こんな風に抱きしめられるのは初めてで、なんだか甘えられているようです。
「もういいよ。いくらでも笑って。
僕は始めからサリーのその笑顔が好きなんだ。たまたま見たのがデイブとアイシャ嬢と笑いあっているところだった。その笑顔を見た時、ドキッとしたんだ。今まで見てきた女性の仮面のような笑顔とは違う、まるで弾けるような笑顔だった。あの時から君を振り向かせたかった。僕に笑いかけてほしかったんだ。
順番も全部違っていたと思う。ほんとはこれを先に伝えるべきだったと思う。でも僕にはそれが出来なくて、だから今伝えさせて。サリー、君のことが大好きなんだ。愛してる……僕と結婚してほしい……」
拗ねるようにつぶやくように始まったフレッド様の言葉。なんだか可愛くて肩にある頭に手を当て、髪を撫でてみました。その髪の毛は柔らかく、とても手触りのいい髪の毛です。

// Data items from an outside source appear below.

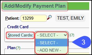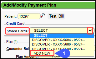 - On the Add/Modify Payment Plans screen, select Add New from the Stored Cards dropdown.
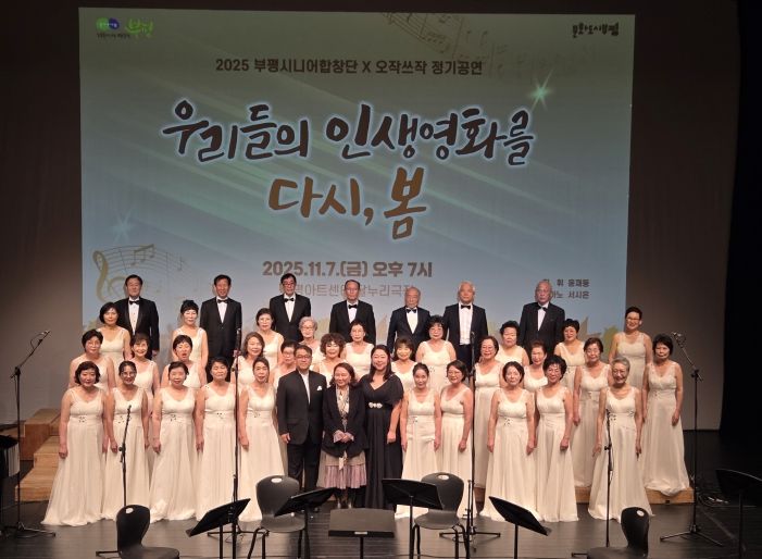 [비건뉴스=최지영 수습기자] 부평구 산곡노인문화센터는 지난 7일 부평아트센터 달누리극장에서 ‘제4회 부평시니어합창단X오작쓰작 정기공연-우리들의 인생영화를 다시 봄’을 개최했다.
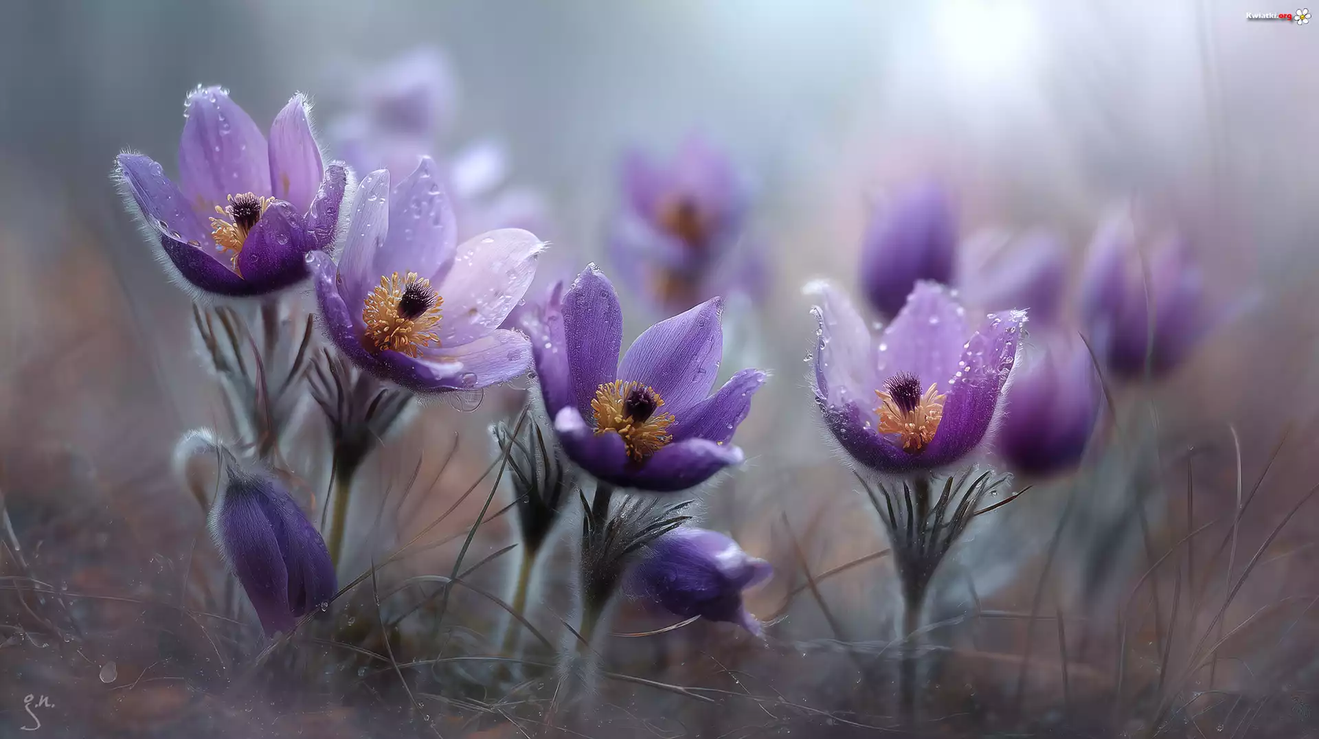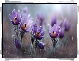Mokre, Fioletowe, Sasanki, Kwiaty, Grafika AI - Zdjęcia
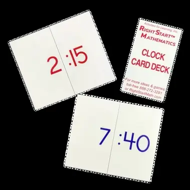Clock card deck is a smaller deck measuring 5 1/2 cm X 3 cm. Cards used to play games from the Math Card Games book.
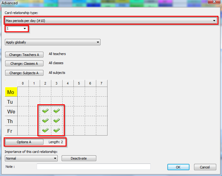 However in some cases you need more precise specification. Using this cardrelationship you can precisely define which subjects, what days, lessons etc:
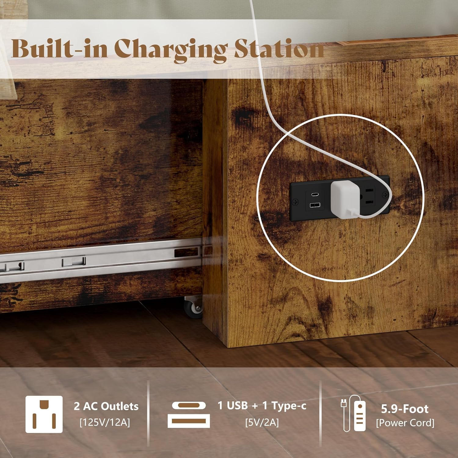 - 【Spacious Storage Space】Wide tabletop holds your decor or daily essentials, while the large drawer underneath keeps bedding and off-season clothing neatly tucked away. A hidden compartment inside fits a tri-fold mattress (not included), maximizing space efficiency
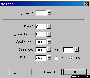 八、全選這二個圖形,按F8鍵,在符號屬性對話框中設置符號類型為animation。單擊OK按鈕。在緊接著跳出的動畫窗口中,進行如下設置:frames幀數為30,其他地方不改,最下面一個選項rotate,設為355度,方向為CCW,當然你也可以選擇CW,隨你自己喜歡吧。單擊OK按鈕表示確定。CW是指順時針旋轉,CCW是指逆時針旋轉。

ゆっくりと手を動かしているとフレッド様が私の笑顔が好きだったと言ってる…
そして、大好きだと……愛してると………
気づいたら私の頬には涙が落ちていました。
私は1年前、フレッド様から婚約を申し込まれました。その時の内容は間違いなく政略結婚。でもそれが嫌だと思ったことはありません。ロディ様とは違い、お互いを尊重でき、領地経営についても相談することができる最高の結婚相手だと思いました。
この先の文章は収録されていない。